▶ What the task requires:
Could you retype the material, starting at its first line and ending with the line holding "Сочинительные союзы делают", and keep the pictures out?
#####
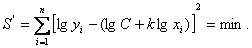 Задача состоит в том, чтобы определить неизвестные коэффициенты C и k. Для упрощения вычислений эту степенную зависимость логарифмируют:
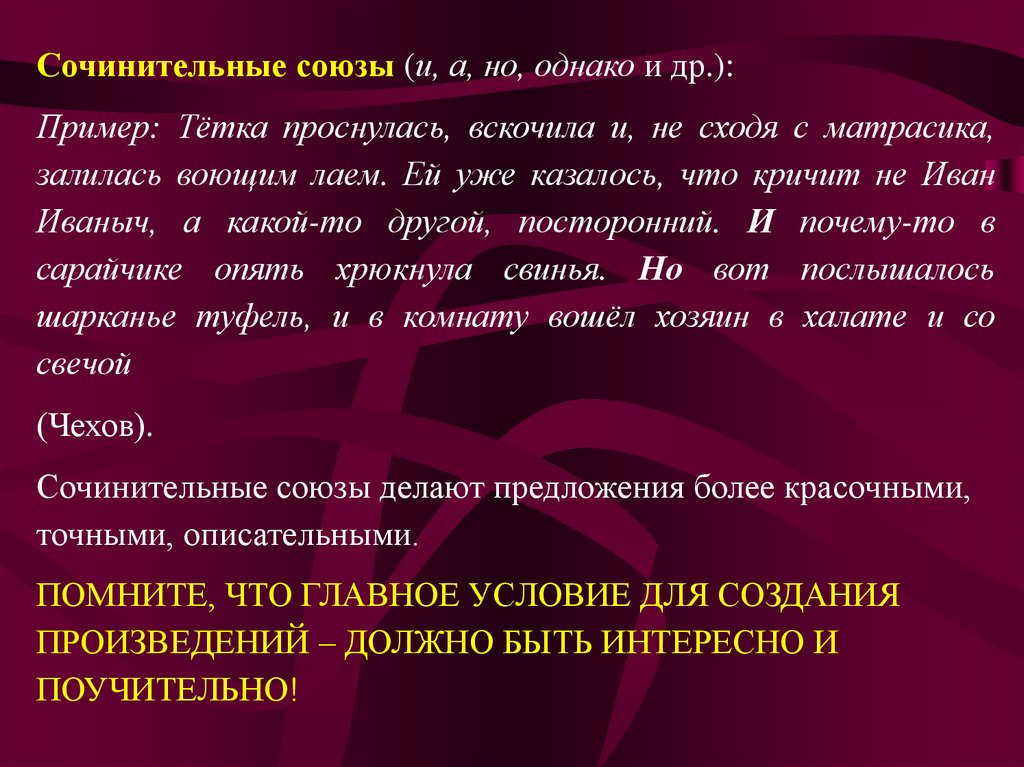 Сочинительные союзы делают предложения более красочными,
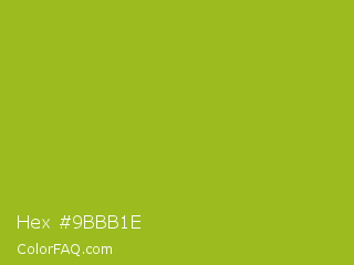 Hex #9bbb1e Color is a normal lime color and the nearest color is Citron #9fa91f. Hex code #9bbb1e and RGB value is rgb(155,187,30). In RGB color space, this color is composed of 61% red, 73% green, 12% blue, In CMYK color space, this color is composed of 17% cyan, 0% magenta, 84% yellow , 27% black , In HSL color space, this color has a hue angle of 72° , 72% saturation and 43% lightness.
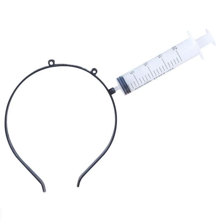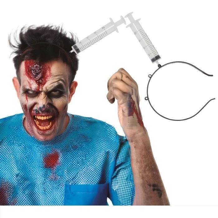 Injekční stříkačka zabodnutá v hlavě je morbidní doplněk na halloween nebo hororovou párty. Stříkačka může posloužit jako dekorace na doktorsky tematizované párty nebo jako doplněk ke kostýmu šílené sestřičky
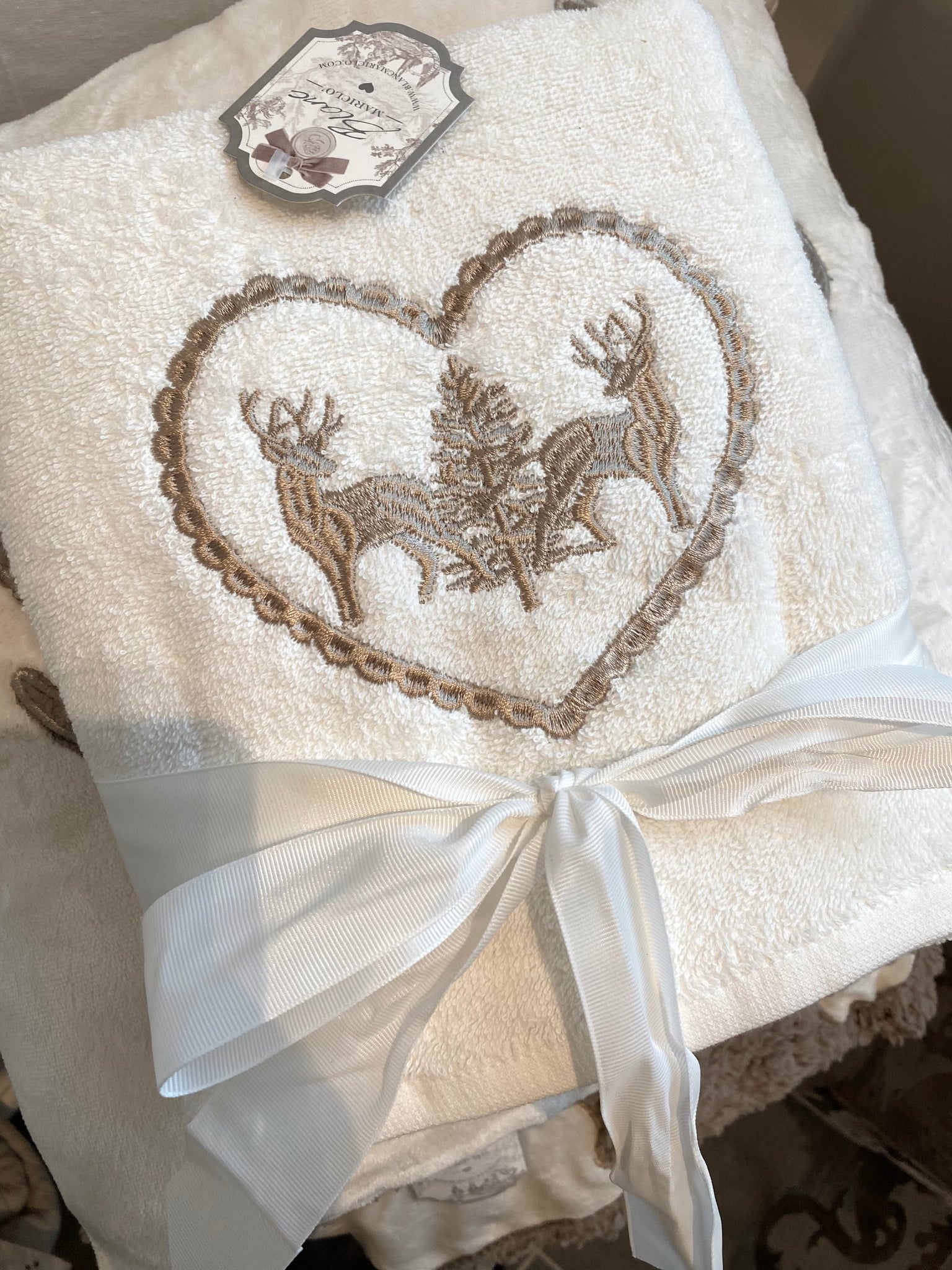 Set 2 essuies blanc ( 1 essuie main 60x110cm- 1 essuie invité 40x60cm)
#####
▶ Output of the task:
 Задача состоит в том, чтобы определить неизвестные коэффициенты C и k. Для упрощения вычислений эту степенную зависимость логарифмируют:
 Сочинительные союзы делают предложения более красочными,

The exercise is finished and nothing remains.